It should come as no surprise, the resolution came to the floor of
the entire Synod, it was passed almost unanimously, with very little
opposition.

I need to offer one more detail to anyone who would try to
characterize the resolution as a complaint over the barrier's
location and not its existence. At one point during the debate on the
synod floor, a delegate, God bless his soul, approached the
microphone and offered an amendment that would have asked Israel to
dismantle or move the barrier to "internationally recognized
borders." I know the response to this amendment is that until there
is a final status agreement, there is no such thing as an
internationally agreed upon border between the Israelis and the
Palestinians in the West Bank, but in the context of the debate, it
was this delegate's attempt to say "Look, if you've got to build the
barrier, don't build the barrier on Palestinian land." This
amendment, which was clearly offered as an attempt to acknowledge
Israel's right to defend itself, was voted down – overwhelmingly.
Imagine yourself a Jew. Ask yourself how you would interpret this
fact.

Let me be clear. Detailing the impact of the security fence on
Palestinians and admonishing Israel to do everything in its power to
reduce these impacts is a legitimate part of Christian witness, if it
is coupled with an honest acknowledgement of both the motive and
impact of Palestinian violence against Israel.

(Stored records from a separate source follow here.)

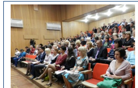
Training for state registrars conducted by the Land Rights Resource Center, Kherson, September 6, 2013

One of the major activities of the Land Rights Resource Center this quarter was the continuation of the large-scale training campaign for state registrars and notaries entitled “State Registration of Land Plots and Rights to Land Plots; Authority of Local Governments with Regard to Land Management.” In 2013, a new State Registration Service was established in Ukraine tasked with undertaking the state registration of title to real estate, including land. In addition to state registrars, notaries are now procedurally required to be engaged in the registration of the title to real estate. Both state registrars and notaries required additional training so as to better understand the specifics of land issues, know how the cadastre system functions, and understand the newly implemented registration procedures. Also, local authorities at the raion and village levels, who are primary contact points of rural landowners needed to learn about the new procedures. This series of trainings was designed to address these needs and was launched at request of the Ministry of Justice.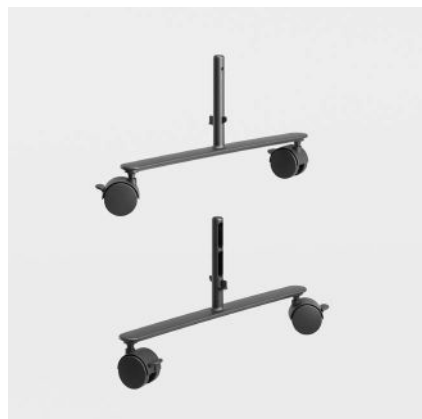
Leg set with lockable wheels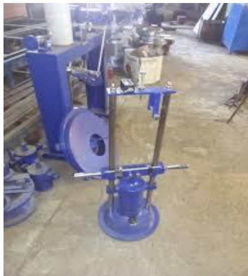
1.5 Impact test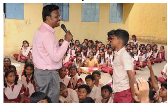
Figure 4.3: Quiz competition facilitated by Ramakannan, Keystone Foundation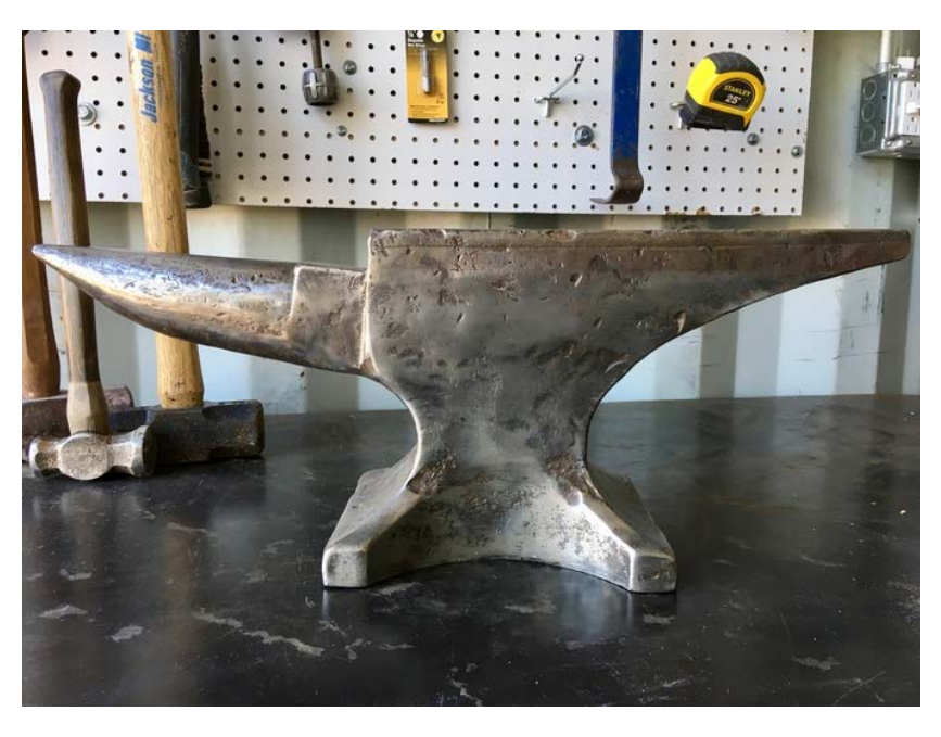
This anvil was purchased for less than $250 by setting an alert on craigslist and then acting quickly once it was posted.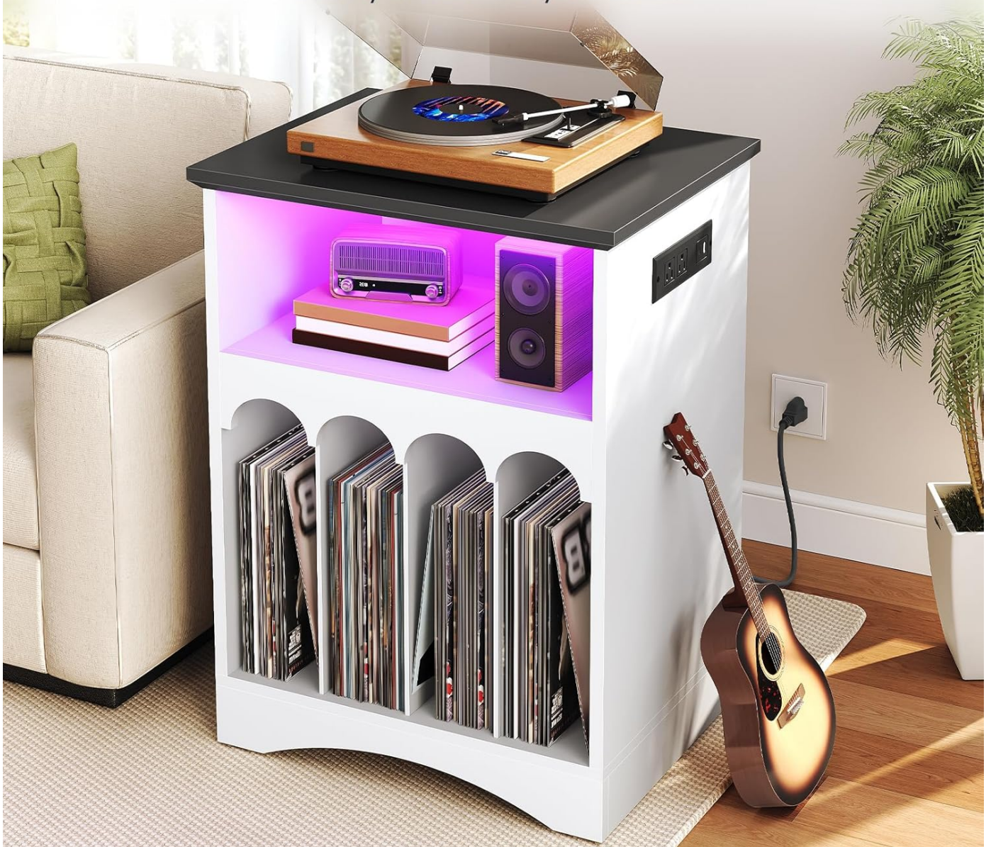
Image: The HOOBRO Farmhouse Record Stand in a living room setting, showcasing its design and functionality.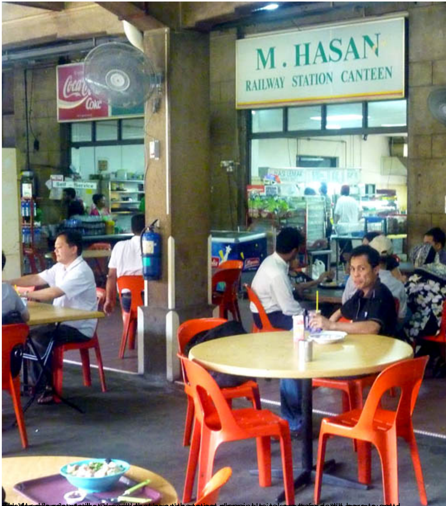
The M. Hasan Railway Station Canteen, before the station closes to take the train to the new station.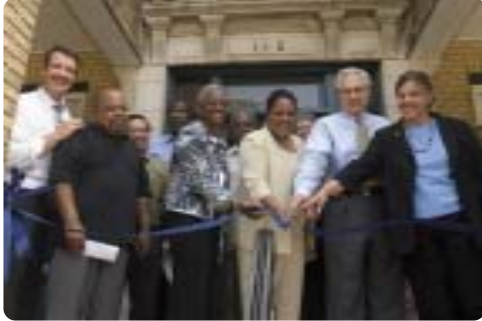
CRA-NC Board cuts ceremonial dedication ribbon.

F or 20 years, CRA-NC has advocated for policies and programs that help renters to become homeowners and to create investment in distressed neighborhoods. We finally were able to follow our own advice.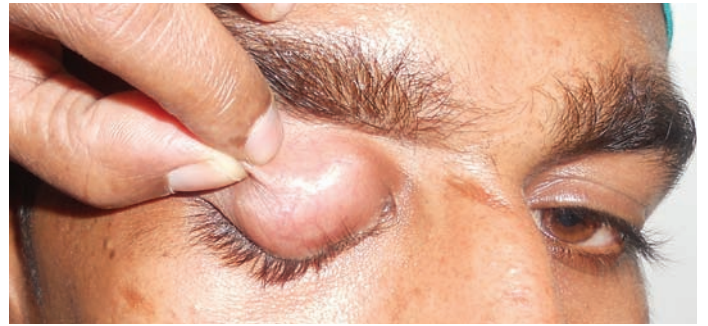
Figure 2: Clinical Appearance of the Right Eye Upper Lid Schwannoma During Examination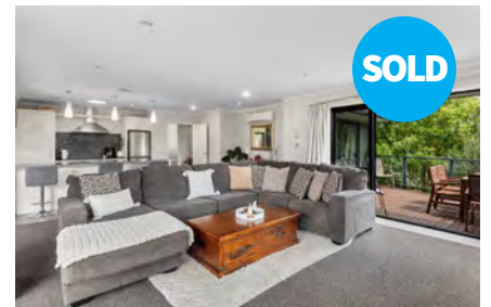
5 North Crest Drive, Onerahi Sold July 2025 | $810,000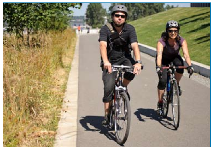
Multi-use paths, bike lanes and sidewalks will be added and improved within the Columbia River Crossing project area.

The CRC project is planning two structures to replace the existing I-5 bridge. These structures will take advantage of space underneath the roadway deck by adding a lower deck between the supporting steel trusses. The northbound structure will carry vehicle traffic above and have a covered path for pedestrians and bicyclists on the lower deck. The southbound structure will carry vehicle traffic above with light rail underneath.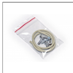
Hardware includes lid screws, PC board screws, and gasket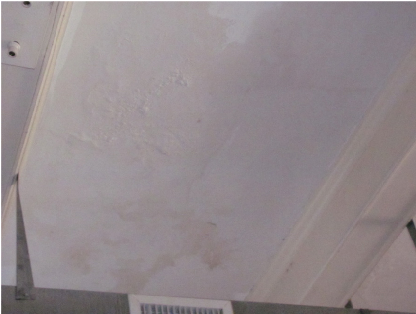
Figure 16. Water staining and bubbling of interior plaster ceiling.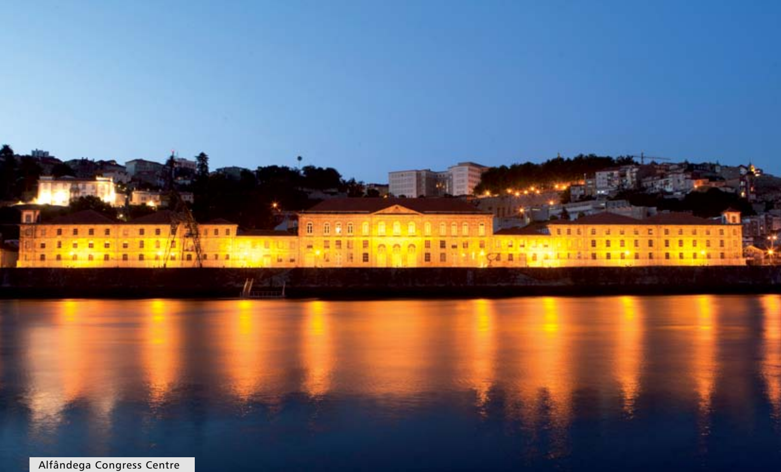
Alfândega Congress Centre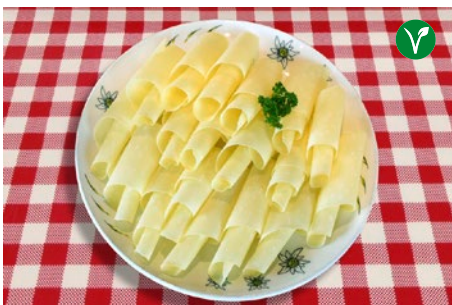
Wafer thin slices of Swiss moun- tain cheese (7) from the alp Schilt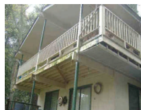
Sutter Creek 16762 Shake Ridge $89,000 #111777A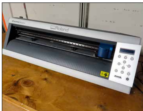
ROLAND 24" VINYL CUTTER/PLOTTER CAMM-1 SERVO GX-24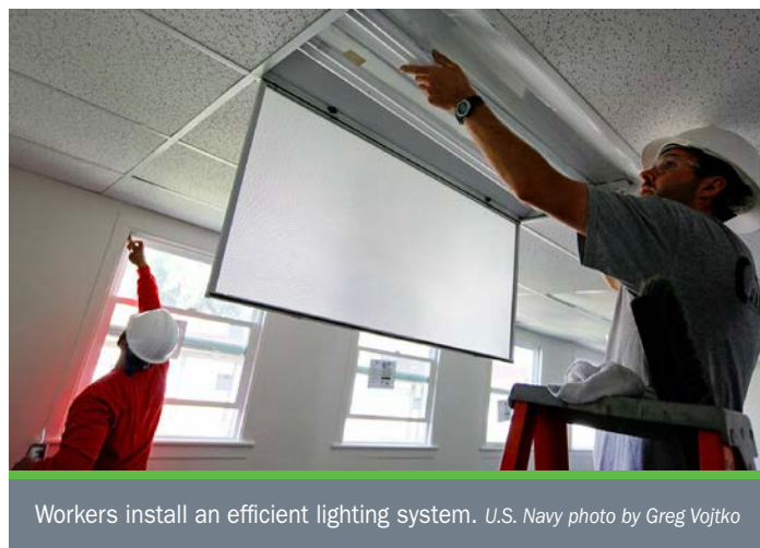
Workers install an efficient lighting system.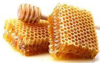
Fig 3: Bees wax

Beeswax is a complex mixture of various chemical compounds. Unhydrolyzed Beeswax consists of approximately 71% esters, 15% hydrocarbon, 8% free fatty acids, 6% other compounds.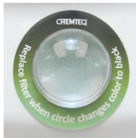
Filter is good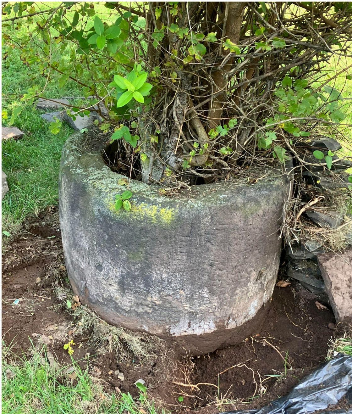
Figure 12. A minor excavation of the earth next to the artifact to determine whether its bottom was open or closed. The edges are all uniform and the artifact is a cylinder open at both ends.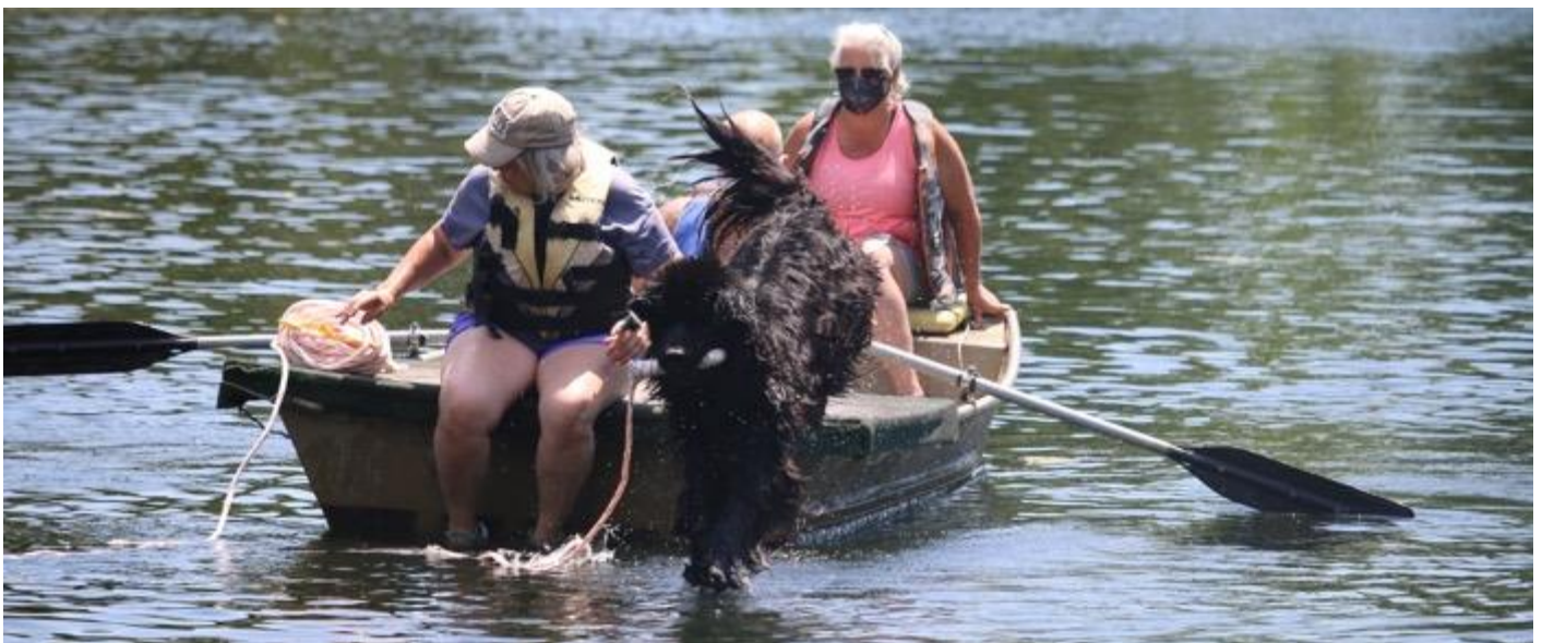
Figure 13 I got the rope mom; I am going to shore 06/14/20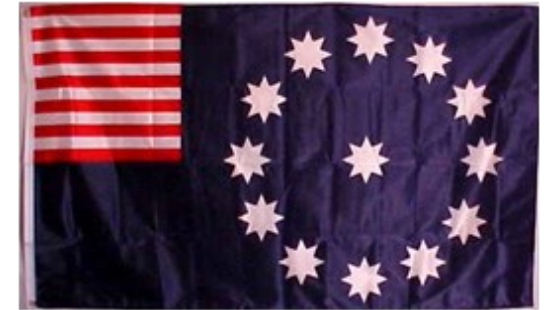
THE EASTON FLAG LOCATED IN THE MARX ROOM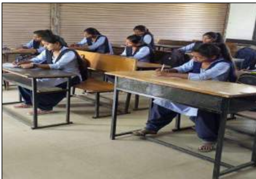
Students engrossed in 'Essay Writing Competition'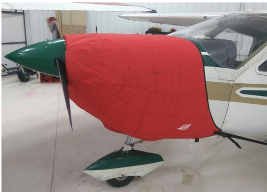
Cessna 177 Cardinal Insulated Engine Cover, Powerflow Exhaust

This cover type is made from Silver Acrylic Sunbrella canvas and is 100% lined with a soft and smooth microfiber. Bruce's Custom Covers developed this material combination especially for aircraft protection. The outer material is medium weight and treated for water resistance, UV resistance and anti-static buildup. The inner lining is a very soft and smooth microfiber to prevent scratching. The material is very reflective, and tests show that the cabin interior temperature can be reduced to near-ambient temperature on the hottest of days. It is water, ice and snow repellent, yet breathable to allow moisture to escape from between the cover and the aircraft surface.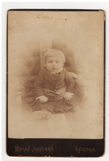
Studio portrait of Milivoj Predić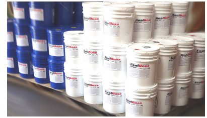
SealBoss® QuickFix System Bulk

For detailed information please refer to the Product Data Sheets, MSDS and SealBoss.com website. Your Sealboss Technical Representative will gladly assist you with any further questions you may have.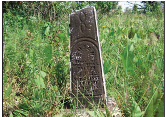
A pioneer plot in an Illinois Nature Preserve – Prospect Cemetery, Paxton, Ford County.

For additional information on nature preserves, their designation, and regulations, write: Illinois Nature Preserves Commission, Illinois Department of Natural Resources, One Natural Resources Way, Springfield, Illinois 62702.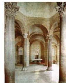
Internal view of the church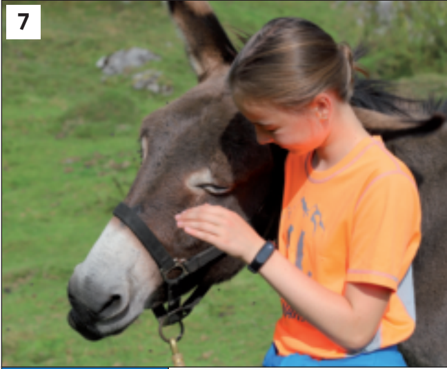
This is a donkey.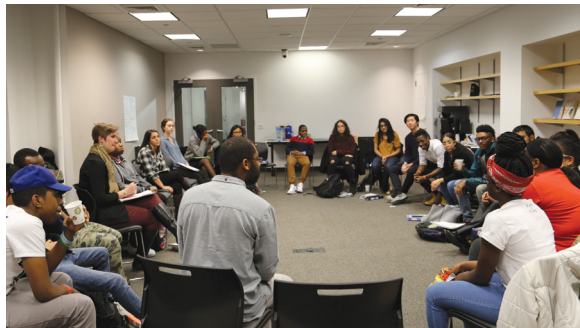
Youth Justice Board members discuss youth-adult partnerships with Center for Court Innovation staff.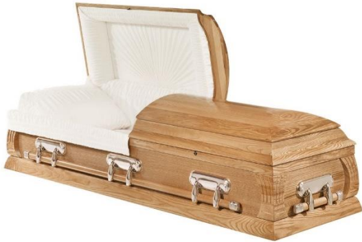
The Digby by Victoriaville #WR232-00429 Ash and Ash veneer, 1" stock timber and 5/8" material Tan crepe interior

All caskets listed are "Adult" caskets. Youth and Plus Size caskets are available and further information and pricing is available upon consumer request.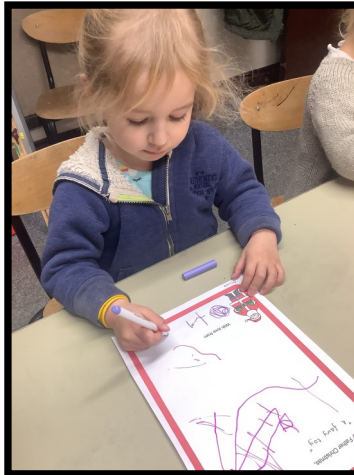
Writing letters to Father Christmas.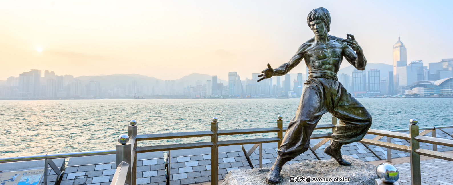
星光大道 Avenue of Star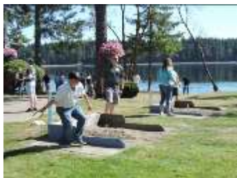
There were a number of activities for the military folks including horse shoes, basketball and very fine cigars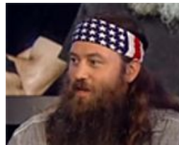
Duck Dynasty's Willie Robertson: House bid 'news to me'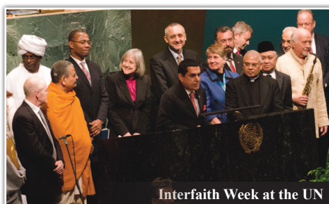
Interfaith Week at the UN

Together with the African Union, UPF organizes Africa Day celebrations in New York and around the world. In support of World Interfaith Harmony Week , UPF works with interfaith and faith-based NGO's to hold celebrations in 27 nations as well as at the UN General Assembly. UPF recommends the creation of an interreligious council at the United Nations.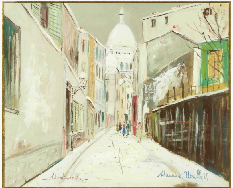
Original gouache painting by Maurice Utrillo (French, 1883-1955), titled Rue de Mont-Cenis a Montmartre, signed lower right, with provenance dating to 1963 (est. $50,000-$70,000).

The diamond and platinum engagement ring set, and the Patek Philippe watch, are the probable superstars of Day 1. The diamond in the ring set boasts J color and VVS-1 clarity. The four bezel set baguette diamonds surrounding the central diamond have G-H color and VS-1/VS-2 clarity. The platinum band contains nine baguette diamonds. The set is estimated at $15,000-$20,000.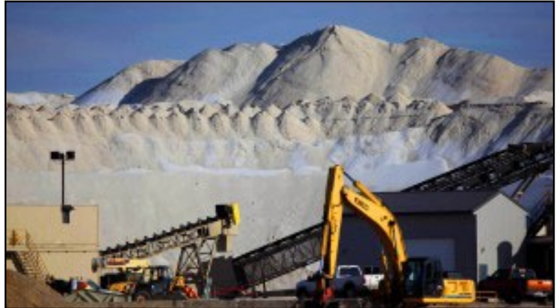
Typical large Wisconsin sand mine.

The case is the third involving a sand mine since mid-December. Altogether, the parties have agreed to pay $360,000 to settle. The sand mining industry has grown sharply in recent years with the surge in hydraulic fracturing or fracking where the sand is used. But with that growth, some companies have run afoul with state environmental laws, and the Department of Natural Resources has referred six pollution cases targeting the industry to the Justice Department, and three referrals have come since August. Western Wisconsin sand has the characteristics that the oil producers seek for fracking.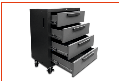
DRAWERS WITH A CAPACITY OF 45 KG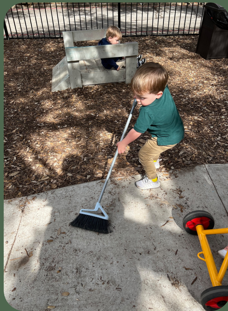
Outdoors 11:30 – 12:30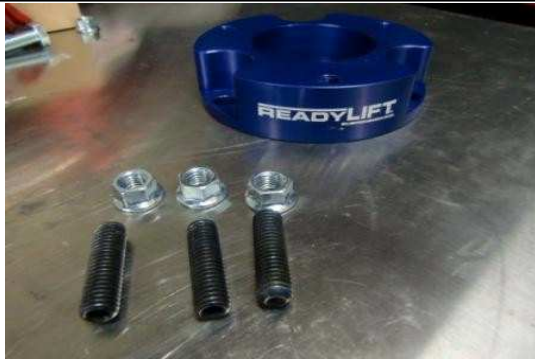
ReadyLift. T6-5055 Billet aluminum spacer kit and hardware. (avail. In 4 colors).

Installation by a trained mechanic is recommended.

We have not seen this
acknowledgement.

But portraying Israel as if it has the human rights record of China
and the security concerns of Canada, as our churches have done,
perverts the whole notion of witness.

Resolutions like the one I just described and the publicity they
generate at church-wide assemblies are merely one method used to
legitimize and broadcast the dishonest narrative about the Arab-
Israeli conflict to the American people. Denominational newspapers
publish articles that detail the impact of the West Bank security
barrier on Palestinians while giving short shrift to the impact of
suicide attacks on Israeli civilians. Websites are used to broadcast
Palestinian propaganda, with little if any filtering. For example,
the Common Global Ministries Board of the UCC and Disciples of Christ
displayed a press release written by Sabeel Ecumenical Liberation
Theology Center that described Yasser Arafat as "the father figure of
the Palestinians." The release did not mention Arafat's role in the
death of 11 Israeli athletes in the 1972 Munich Olympics, his failure
to negotiate in good faith at Camp David, or the billions in foreign
aid that disappeared under his tenure.

We will be judged by the things we do not say.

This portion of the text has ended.